Sunday, December 16, 2012

Using Amazon.com As A Research Tool



As you well know, Amazon.com is a huge retailer of a huge variety of products. When it opened its virtual doors in 1995 the company sold books and only books. Today you can buy just about everything from Amazon, including the proverbial “kitchen sink.”

So where does this retailing behemoth fit into Finding Stuff? Several ways, actually.

One Way is to Use Amazon's Vast List of Titles

The site catalogs over 24.5 million paperbacks and 9.5 million hard backs. Perusing these lists is a great method for finding finding stuff about a particular book or topic. A search for “mining swindles” brings up 48 titles that Amazon’s engine deems relevant (including Mark Twain’s wonderful Roughing It).

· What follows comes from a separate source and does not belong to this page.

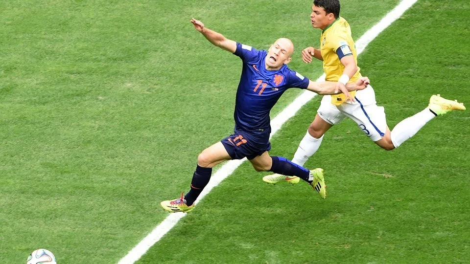 Рефері вказує на пенальті і дає бразильцю… жовту картку! У повторі чітко видно, що на Роббені порушили правила ще до штрафного майданчику, а оскільки це фол останньої надії, то потрібно було показувати червону.

Let’s take as an example Anthony Comstock’s Frauds Exposed Or How The People Are Deceived And Robbed, And Youth Corrupted, published in 1880.

Amazon lists a 2006 facsimile reprint edition of this book, released by Kessenger Publishing (who claim a copyright for a title already in the public domain, which I take issue with, but that’s a whole different blog). Amazon sells this version for $14.99 in paperback. But . . . the same title is available for free on the Internet Archive

However, unless you knew the title, you wouldn’t easily find Comstock on the Archive; certainly not under “mining swindles,” which turns up zero results. And an identical search on WorldCat identifies several items (like Dr. Swindle’s Application of the Limited Frequency-Unannounced Access Strategy Measurement Technology In Gas Centrifuge Enrichment Plant), but not Comstock. 

By using Amazon.com as a pathfinder, you can track down all sorts of useful sources.

"Look Inside" is Another Way Amazon Can be Helpful

Think of the feature as a preview of a particular title’s content.


Our example will be a volume that showed up during the “mining swindles” search on Amazon: Old West Swindlers by Laurence Yadon and Robert Smith, a paperback published in 2011. The publisher took advantage of Amazon’s Look Inside to upload some of the book’s content. Only a few pages of text are available. But what’s of most interest to me is the Table of Contents, the Index, the Bibliography, and the Notes.

I don’t know about you, but when picking up a book the first thing I do is check out the back matter to see if there are any sources the authors turned up that might be useful to my cause. In this case three subjects-of-particular-interest are listed in the Index, and the TOC shows that one chapter is devoted to their fraud. Alas, the notes for that chapter are not included in the preview.

Want to read Old West Swindlers? There are a couple of options. Buy a copy (either printed or the slightly cheaper Kindle version) or order it through Inter-Library Loan (ILL). 

Sometimes you’ll run across Amazon Looks Inside that include the entire text. If you find one of these, you’ll need to read it off the screen (no printing allowed).

Finally, Amazon is a Useful Research Tool for Book Proposals

Need to know what’s out there in the way of competition, and also what’s available that might be complementary? Amazon is one of the best sources for this sort of information. Do try to avoid looking at the rankings; they can be depressing. If all the complementary books are down in the 8 millionth range you may want to consider a different topic.